_WHAT THE TASK ASKS_
All of the data goes into your copy exactly as written. Images do not.

_RECORDED DATA_
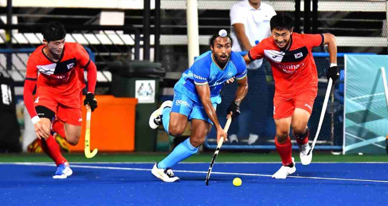 स्पोर्ट्स न्यूज़: भारतीय पुरुष हॉकी टीम ने सुल्तान अजलान शाह कप 2025 में अपने अभियान की शानदार शुरुआत करते हुए कोरिया को 1-0 से हराया। रविवार, 23 नवंबर को मलेशिया के इपोह स्थित सुल्तान अजलान शाह स्टेडियम में खेले गए इस मुकाबले में भारत की ओर से एकमात्र गोल मोहम्मद रहील ने 15वें मिनट में किया, जो टीम की जीत का निर्णायक क्षण बना। शुरुआत से ही भारतीय टीम ने बेहतरीन तालमेल और गेंद पर मजबूत पकड़ बनाए रखी।
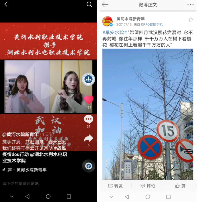 经过前期的沟通和协调,3月4日,校团委联合湖北水利水电职业技术学院在微信公众号上展开联动,发布了“黄河水院青年@湖北水院青年:守得云开见明月”微信推送,并在随后的几天中陆续在QQ、微博、抖音上发布了联动内容,获得了两校青年学生的好评。
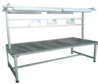 檢修工作臺(tái): 01 拉 身:1. 拉通整體支架采用40*40鐵方通 2. H架整體采用40*40鐵方通 02 工 作 臺(tái):1.工作臺(tái)尺寸為2440×1220,采用18mm 夾層板(高密度)2. 表面鋪防靜電膠皮,T型膠包邊 03 照 明:1. 燈架用整體支架40*40鐵方通 2. 燈管:雙邊光管帶燈罩 04 電 路:1. 線槽采用1.2m冷板折彎成型,雙邊 2. 插座:三位穩(wěn)不落插座 05 工藝卡架:采用專用鋁型材,配A4硬膠套 06 控制系統(tǒng):標(biāo)準(zhǔn)(獨(dú)立空開) 07 表面處理:噴粉電腦色 以上為雙邊生產(chǎn)線,每個(gè)工位標(biāo)準(zhǔn)寬度800MM |

_EXPECTED OUTPUT_
 स्पोर्ट्स न्यूज़: भारतीय पुरुष हॉकी टीम ने सुल्तान अजलान शाह कप 2025 में अपने अभियान की शानदार शुरुआत करते हुए कोरिया को 1-0 से हराया। रविवार, 23 नवंबर को मलेशिया के इपोह स्थित सुल्तान अजलान शाह स्टेडियम में खेले गए इस मुकाबले में भारत की ओर से एकमात्र गोल मोहम्मद रहील ने 15वें मिनट में किया, जो टीम की जीत का निर्णायक क्षण बना। शुरुआत से ही भारतीय टीम ने बेहतरीन तालमेल और गेंद पर मजबूत पकड़ बनाए रखी।
 经过前期的沟通和协调,3月4日,校团委联合湖北水利水电职业技术学院在微信公众号上展开联动,发布了“黄河水院青年@湖北水院青年:守得云开见明月”微信推送,并在随后的几天中陆续在QQ、微博、抖音上发布了联动内容,获得了两校青年学生的好评。
 檢修工作臺(tái): 01 拉 身:1. 拉通整體支架采用40*40鐵方通 2. H架整體采用40*40鐵方通 02 工 作 臺(tái):1.工作臺(tái)尺寸為2440×1220,采用18mm 夾層板(高密度)2. 表面鋪防靜電膠皮,T型膠包邊 03 照 明:1. 燈架用整體支架40*40鐵方通 2. 燈管:雙邊光管帶燈罩 04 電 路:1. 線槽采用1.2m冷板折彎成型,雙邊 2. 插座:三位穩(wěn)不落插座 05 工藝卡架:采用專用鋁型材,配A4硬膠套 06 控制系統(tǒng):標(biāo)準(zhǔn)(獨(dú)立空開) 07 表面處理:噴粉電腦色 以上為雙邊生產(chǎn)線,每個(gè)工位標(biāo)準(zhǔn)寬度800MM |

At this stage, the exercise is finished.